Arbitration Petition Denial: Fees Not In Order Where Denial Was Only An Interim Procedural Victory

Third District Distinguishes Its Facts From Otay in Unpublished Decision.

     In California, attorney’s fees are generally not recoverable for interim procedural victories.   The “prevailing party,” for purposes of fee recovery, usually must await a final deposition on the merits. However, there are exceptions.

     For example, Otay River Constructors v. San Diego Expressway, 158 Cal.App.4th 796, 801, 808 (2008) involved a sui generis fact pattern where the only proceeding being litigated in court at the time was a petition to compel arbitration. The trial court’s denial of the petition was a “discrete legal proceeding” giving rise to fees even if claims were pursued in another later action.

     Otay was distinguished recently in Hall-Mark Services, Inc. v. Harris & Associates, Case No. C056691 (3d Dist. Feb. 17, 2009) (unpublished). In contrast to Otay, there was pending litigation filed in court in which a petition to compel arbitration was initially denied. In a prior appeal, the Third District reversed the denial and remanded so that the petition to compel arbitration would be granted instead. The trial court granted the winning party in this case an award of routine costs but denied $37,589 in requested attorney’s fees. The lower court decided no contractual fees under Civil Code section 1717 were warranted until final disposition of the case.

     The trial court’s determination was sustained on appeal in a 3-0 decision authored by Acting Presiding Justice Raye, when the Third District dismissed the appeal based on the fact there was no appealable order.

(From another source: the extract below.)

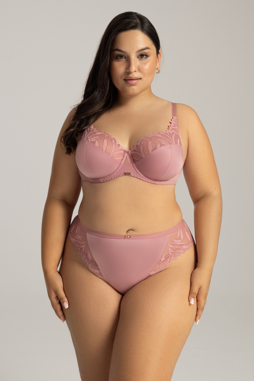 Бюстгальтер 2106 выполнен на основе модели 1396 в цвете розовый пион на косточках, чашки шитые, нижняя часть из неэластичного трикотажа, верхняя часть из цветочного кружева, продублированного сеткой в тон для лучшего прилегания к груди. Пояс из плотной стабилизирующей сетки. Бретельки не отстгиваются, регулируются по длине, на спине застжка - удлинитель на 2 и 3 крючка, фурнитура металлическая цвета меди. Бюстгальтер идеально комплектуется трусиками 2105, 2106, 2107.

     Appealing party relied on Otay , but the Third District interpreted its holding as being much more narrow in nature. Because petitioning party was involved in ongoing litigation and the petition to compel was not a discrete, stand alone legal proceeding, Otay was inapt. Also, the order granting the petition to compel arbitration “cannot be considered the equivalent of a judgment in such a proceeding” but was “an interlocutory procedural ruling directing that some of the claims at issue be resolved through arbitration, not litigation.” (Slip Opn., at p. 9.) An order compelling arbitration does not terminate a proceeding in such a way as to be fairly characterized as a final judgment that can be appealed under Code of Civil Procedure section 1294(e). (Accord, Lachkar v. Lachkar, 182 Cal.App.3d 641, 646 (1986); La Pietra v. Freed, 87 Cal.App.3d 1025, 1030 (1978).)

     The Third District did observe that the trial court can determine which party prevailed and which side was entitled to fees/costs once there was a final judgment in the case.